Closed sandeep-krishnamurthy closed 4 years ago
I see that we are still using mshadow dot here: https://github.com/apache/incubator-mxnet/blob/master/src/operator/tensor/dot-inl.h#L119 . @DickJC123 @zheng-da changed many operators to use linalg_gemm instead of mshadow::expr::dot. Can you guys provide more insight on if there was a performance gain from this change on CPU.
Adding @piiswrong for comment.
@anirudh2290 Does mshadow::expr::dot
call GEMM as well?
yes, MKL GEMM will be much faster than other implementations.
The pre-built version is not linked with MKL library. We're working on making a static link to MKL for pre-built binary.
Yes, AFAIK mshadow::expr::dot uses gemm. dot_engine-inl.h
has standalone implementations and also supports calling other blas implementations: https://github.com/dmlc/mshadow/blob/master/mshadow/dot_engine-inl.h#L123 and https://github.com/dmlc/mshadow/blob/master/mshadow/dot_engine-inl.h#L280
Thanks. So if we build from source by USE_BLASS=MKL, it will be faster. @sandeep-krishnamurthy could you take a try? FYI, you can set MKL_VERBOSE=1 so there're detailed information of MKL GEMM in the runtime. We can do further analysis and optimizaiton for the different size of GEMM.
@pengzhao-intel @anirudh2290 - Thanks for your comments. Next step, I will try to build from source with USE_BLAS set to MKL and report back if there are performance gain.
@anirudh2290 - To summarize your comment - are you saying mx.sym.dot() does not use efficient MKL GEMM implementation?
@pengzhao-intel - If I do pip install mxnet-mkl are you saying we don't get mkl linked? If I use mxnet-mkl on a AWS C5 instance with MKL-DNN, will it use MKL?

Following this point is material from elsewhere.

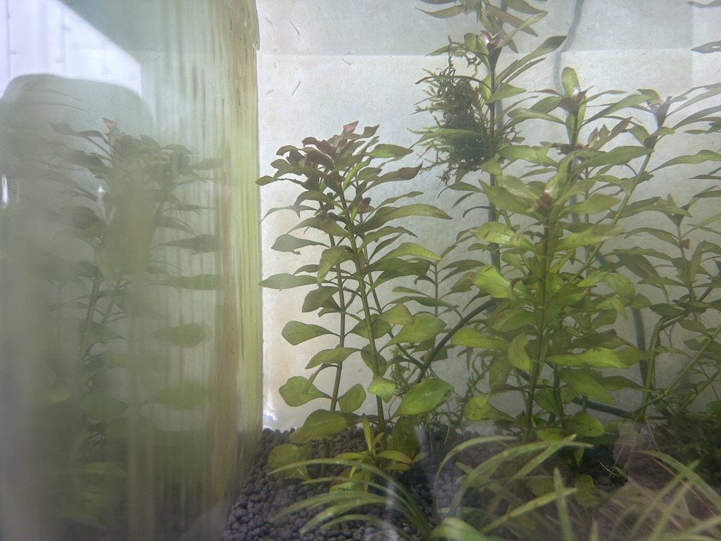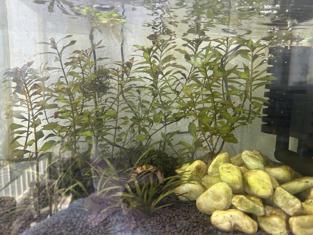 수초에 묻어있는 이끼와 흰색 돌에 있는 갈색이끼 등은 물이 잡히면 자연스럽게 없어질 것이라 생각해서 시간을 들여 갈색이끼를 제거해 볼 생각입니다. ^^
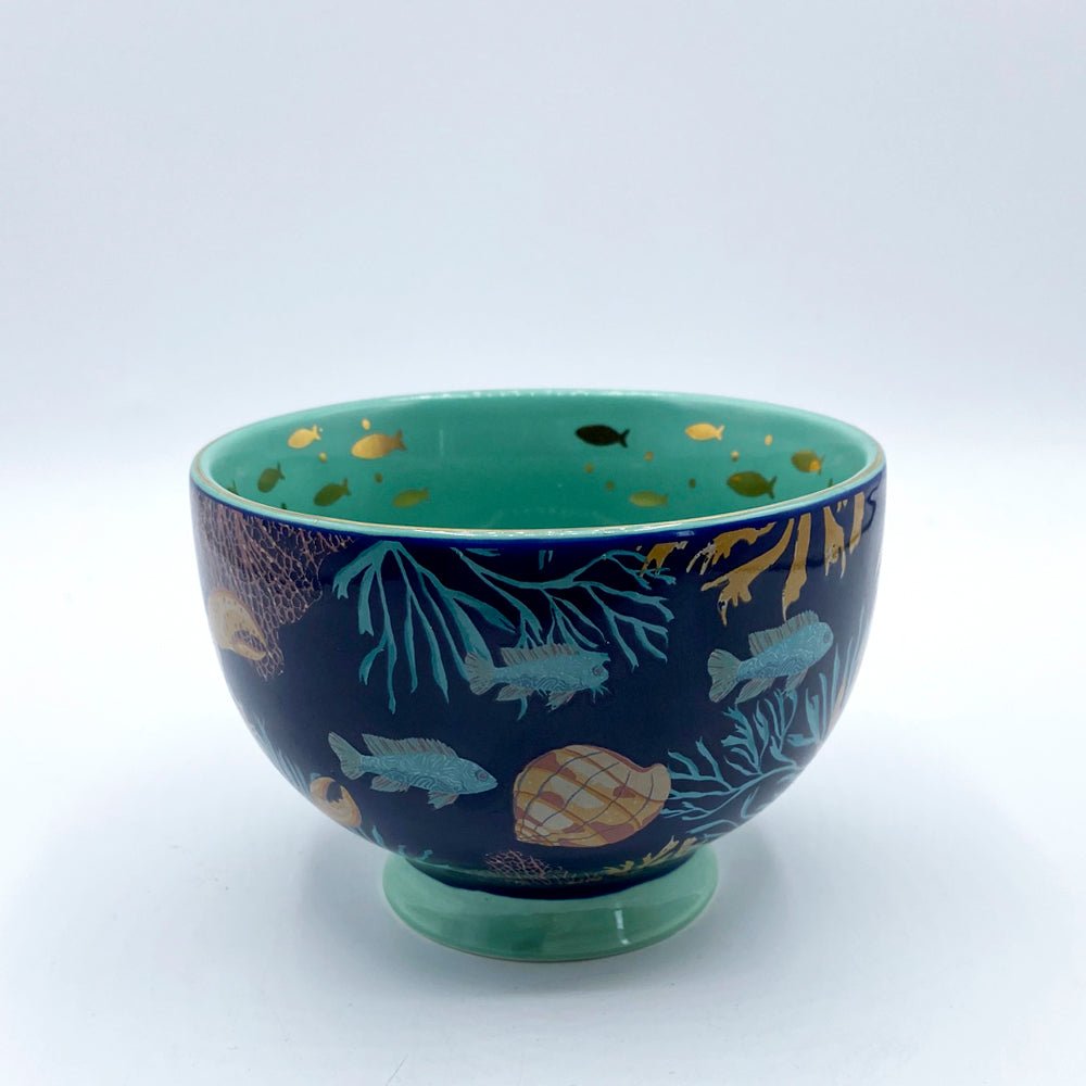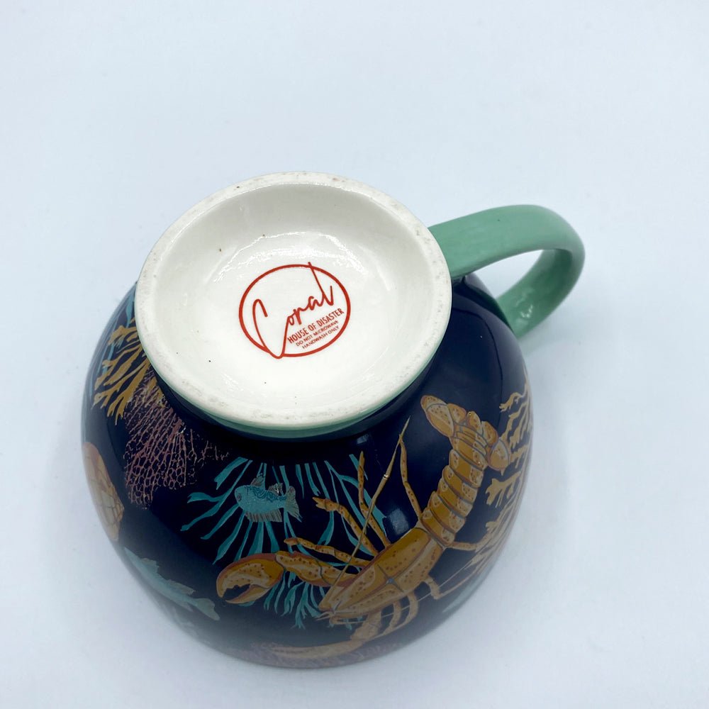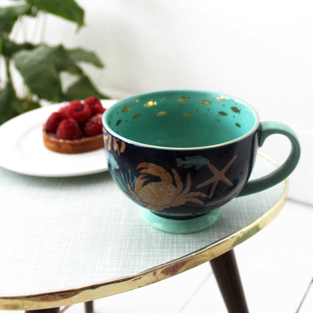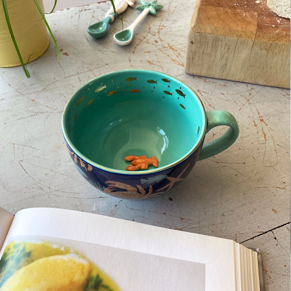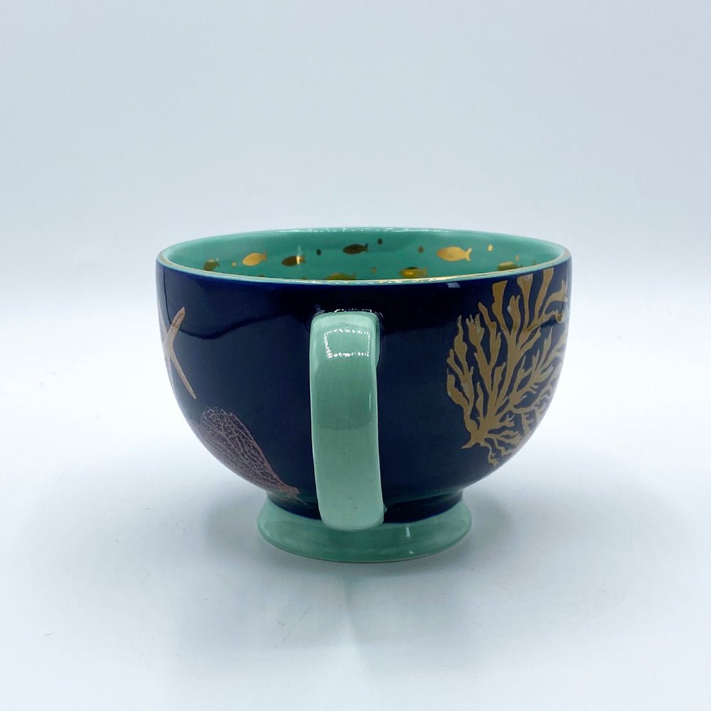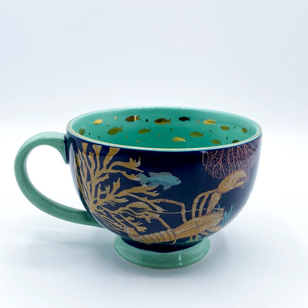 Denne store tekoppen er en ekte samtalestarter. På innsiden sitter en sjarmerende keramisk hummer og venter på å bli oppdaget, omgitt av en dyp turkis glasur og små gullfisker som svømmer rundt. Utsiden byr på et fargerikt havlandskap med luksuriøse gullkanter – som gjør hver slurk til en liten ferie ved kysten.

I‘m afraid mxnet-mkl package is built with USE_BLAS=openblas. You can build from source with USE_BLAS=mkl if you have mkl library installed. Also, do you know how much of this computation time is consumed by lstm layer or other non-rnn fully connected layers? We are trying to build fused lstm operator for mxnet on cpu. Hope that will help you a lot.
We're updating the labels to better indicate MXNet Backend issues. @sandeep-krishnamurthy can you please update the label from "C++" to "Backend"? Thanks!
@pengzhao-intel is this something you guys can help with?
@lupesko Sure
Regarding dot, it's a kind of library operation, GEMM. There're no much can be optimized from the framework level. Just change to Intel MKL will achieve better performance.
We are using mx.sym.dot() operator in Keras heavily. We observe CPU performance is suspiciously slower. On profiling a RNN LSTM example, the observation is as shown below.
dot() operator is contributing to 90% of computation time. Is there any performance implication of mx.sym.dot() operator on CPU?
We are using mxnet-mkl-dnn build, is the operator using gemm operations under the hood?
@anirudh2290 @zheng-da - Any suggestions / comments?